张海放下了手中的文件,那动作很轻,却像一声惊雷在易中海耳边炸响。
张海的眼神变了。
如果说刚才还只是公事公办的平淡,那么现在,就只剩下毫不掩饰的锐利和冰冷。
他本就因为林建国的事,对厂里这些倚老卖老、自以为是的老油条充满了恶感,昨天更是亲眼目睹了刘海中是如何撒泼耍横,丑态百出。
现在,又来一个。
“易师傅,你这话我可就不爱听了。

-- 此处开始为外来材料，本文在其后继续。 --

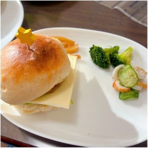 ハンバーグとレタスとチーズとトマトをはさんで、ハンバーガーにして食べました。

”
张海的声音不高,却铿锵有力,每一个字都像一颗钉子,狠狠地钉了过来。
“什么叫给你一个面子?”
“我们保卫科办案,讲的是国家的法律,是厂里的纪律!不是谁的面子!”
“刘海中公然拦截公务车辆,当众辱骂执行公务的国家干部,这是严重的妨碍公务,是藐视国家法纪!按照规定,拘留他二十四小时,都算是轻的!”
张海的身体也向前倾,目光如炬,死死地盯着易中海。
“你现在来要人,是什么意思?”
“是想让我们保卫科,徇私枉法吗?”
最后一句,声色俱厉,一顶“妨碍公务,意图包庇”的大帽子,不偏不倚,正好就扣在了易中海的头上!
轰!
易中海只觉得一股热血直冲头顶,脑子里嗡的一声,眼前都有些发黑。
他的脸,以肉眼可见的速度,从涨红变成了猪肝色!
他万万没想到,这个张海竟然如此不识抬举,油盐不进!非但半点面子不给,还句句都拿大道理来压他,甚至反扣了他一顶天大的帽子!
“我……我不是那个意思……”
他的嘴唇哆嗦着,喉咙里像是被塞了一团棉花,半天挤不出一个完整的句子。
那副老资格的架子,瞬间土崩瓦解,只剩下无尽的狼狈。
“那你是什么意思?”
张海步步紧逼,眼神里的压迫感让易中海几乎无法呼吸。
“易师傅,我尊敬你是老师傅,但原则问题,没有任何商量的余地!”
“你要是没别的事,就请回吧,不要影响我们正常办公!”
这已经是明晃晃的逐客令了。
办公室里死一般的寂静,易中海能清晰地听到自己擂鼓般的心跳声。
他感觉自己的脸皮,被张海用那几句冰冷的话,当着所有人的面,一层一层地撕了下来,扔在地上,还被狠狠地踩上几脚,碾得粉碎!
他再也待不下去了。
易中海猛地从椅子上弹了起来,因为动作太猛,椅子腿在地上划出一道尖锐的声响。
他不敢再看张海的眼睛,几乎是落荒而逃,灰溜溜地冲出了保卫科的办公室。
门外的冷风一吹,他才回过神来,羞辱和愤怒的情绪如同火山般在他胸中爆发!
他把所有的怨气,所有的耻辱,都死死地归结到了一个人的身上。
林卫!
要不是那个小畜生,刘海中怎么会被抓?
刘海中不被抓,他怎么会来自讨没趣,受这份奇耻大辱!
“好你个林卫!”
易中海的牙齿咬得咯咯作响,双拳紧握,指节都因为用力而发白。
“真以为有保卫科给你撑腰,我就治不了你了?”
一股邪火在他心中疯狂升腾,烧掉了他最后一丝理智。
他决定了,必须,立刻,马上,召开全院大会!
明面上,是通报刘海中的处理结果。
实则,他要借着这个机会,集全院之力,发动所有能发动的力量,好好地敲打敲打林卫那嚣张的气焰!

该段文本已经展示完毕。